As for the combined outputs, it can be observed that clustering resulted in the inclusion of a higher number of actual targets in the model at the same time by keeping Type II error lower. However, as can be concluded from comparing weighted total abnormal returns across the models, a higher number of actual targets and a lower number of actual non-targets did not convert into a higher return. 55 target companies of the clustered portfolios generated around 1% higher return than the 48 companies from the general model. At the same time, returns from actual non-targets from the general model’s portfolio exceeded non-targets in the clustered model portfolio. As a result, an overall higher weighted return for general model companies is reported. Hence, it can be concluded that actual returns are dependent not only on the model's predictive power but also on the level of returns from both target and non-target companies.

In summary, the analysis of portfolio abnormal returns showed that the clustering approach systematically predicted both target and non-target companies better and achieved a higher F1 score. However, higher predictive power did not always converge into higher returns due to the difference in the size of the returns of classified companies.
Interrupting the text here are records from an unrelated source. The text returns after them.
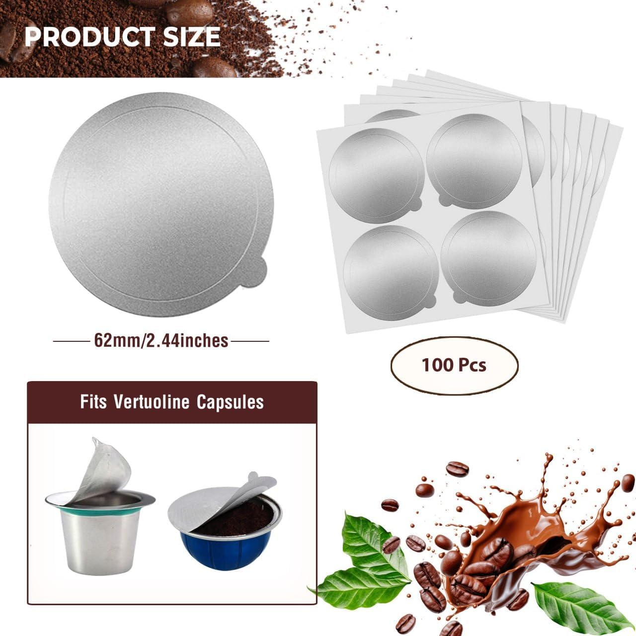(100 PCS) Aluminum Foil Lids for Reusing Nespresso Capsules – Compatible with Nespresso Vertuoline and Vertuo – Reusable Coffee Pod Covers
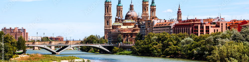 Obraz na plátně Aerial view of Saragossa, Spain with Basilica
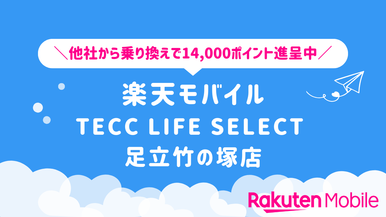 楽天モバイル Tecc LIFE SELECT 足立竹の塚店 – 他社から乗り換えで14,000ポイント進呈中!
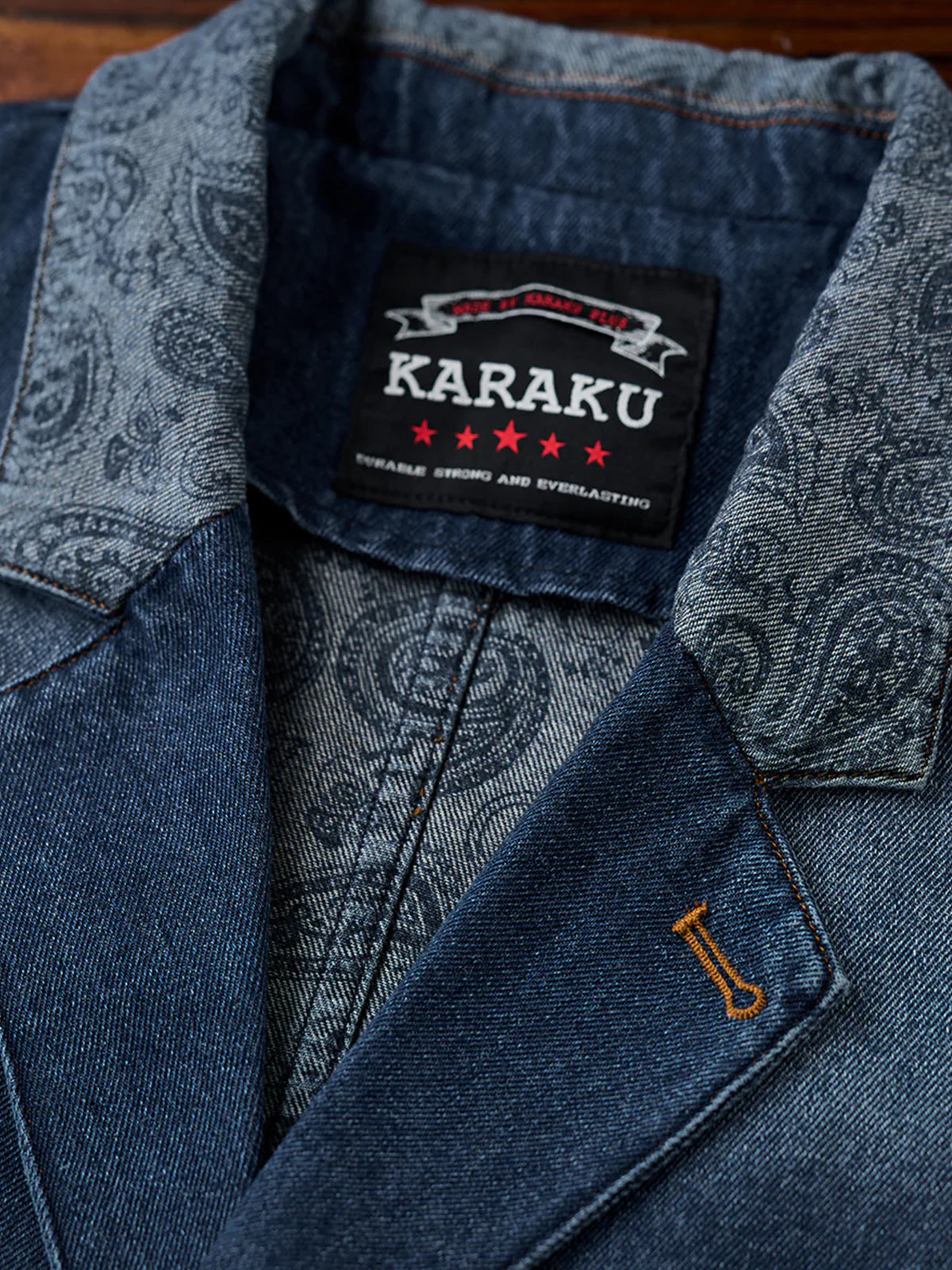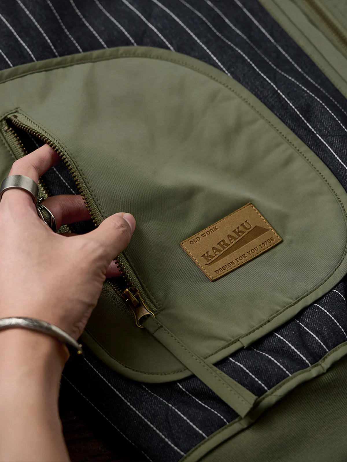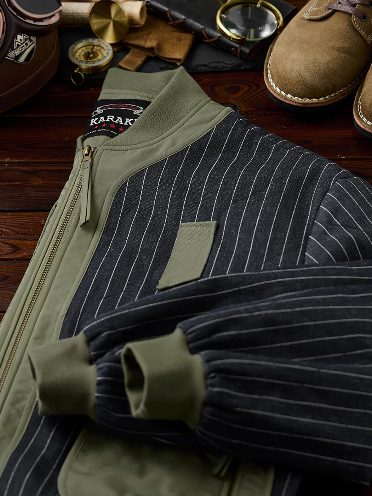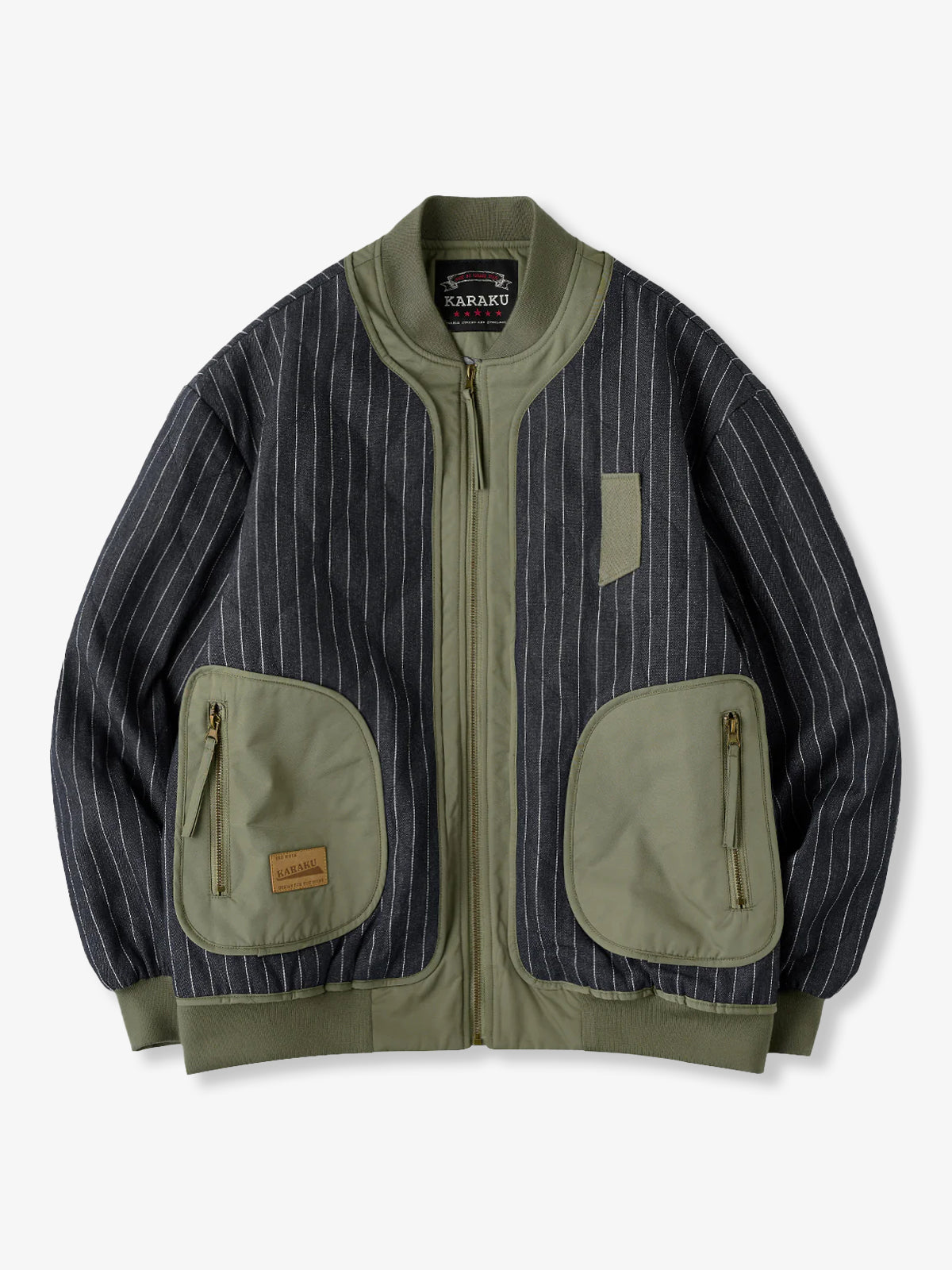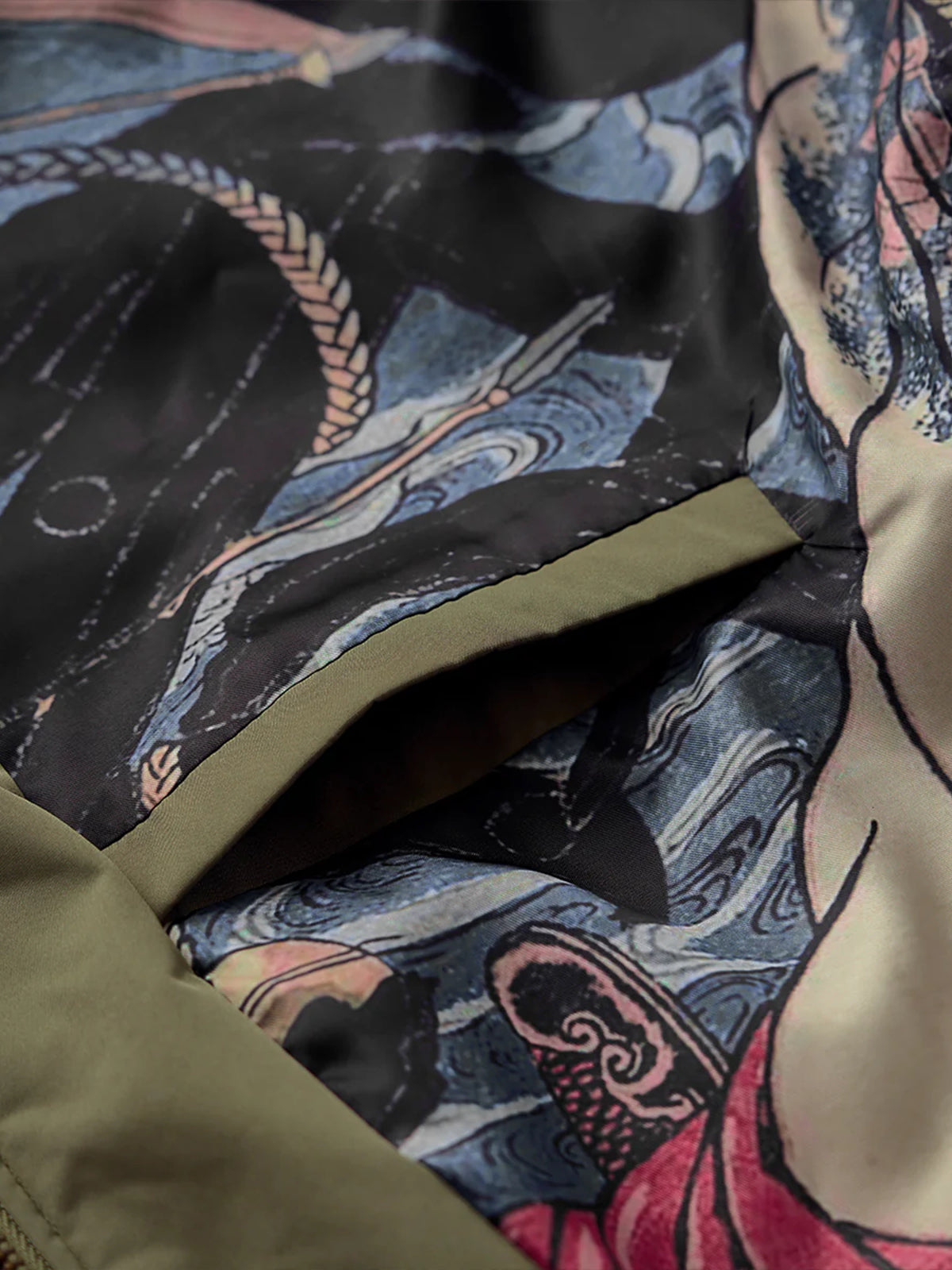 [Pre-Order] Quilted Denim Flight Jacket with 'Ryōri Haku Tō Chō Shun' Ukiyo-e Lining

Nevertheless, the predictive model based on the Cluster 0 produced the highest portfolio abnormal returns in almost all scenarios, suggesting that one may benefit when buying only stocks predicted by the Cluster 0 model.
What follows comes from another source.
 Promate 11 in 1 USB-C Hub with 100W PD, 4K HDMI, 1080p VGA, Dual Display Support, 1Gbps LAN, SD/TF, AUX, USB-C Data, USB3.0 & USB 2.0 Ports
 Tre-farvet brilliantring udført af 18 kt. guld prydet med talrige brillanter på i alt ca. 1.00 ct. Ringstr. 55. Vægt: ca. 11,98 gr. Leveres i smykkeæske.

6.2.2 Portfolio investment returns

As already described in the section above, portfolio abnormal returns are calculated for the pre-defined observation period (60 days before and three days after the announcement), while in the real situation, even if one can correctly predict a potential target company, cannot really identify the optimal time of actual purchase and the holding period. Thus, in addition to determining portfolio abnormal returns, investment strategies are tested to identify whether a particular strategy of buying and selling potential target company stocks can generate market-adjusted excess return.

The investment strategy suggests annual rebalancing, which assumes buying and selling transactions for each year separately. According to this strategy, one will hold the stocks bought each year, either until the end of that year or three days after the acquisition. Considering that 2021 is still in progress, the observation end date is considered July 2021. Finally, observed returns are adjusted by market proxy, which is S&P 500 in the scope of this study.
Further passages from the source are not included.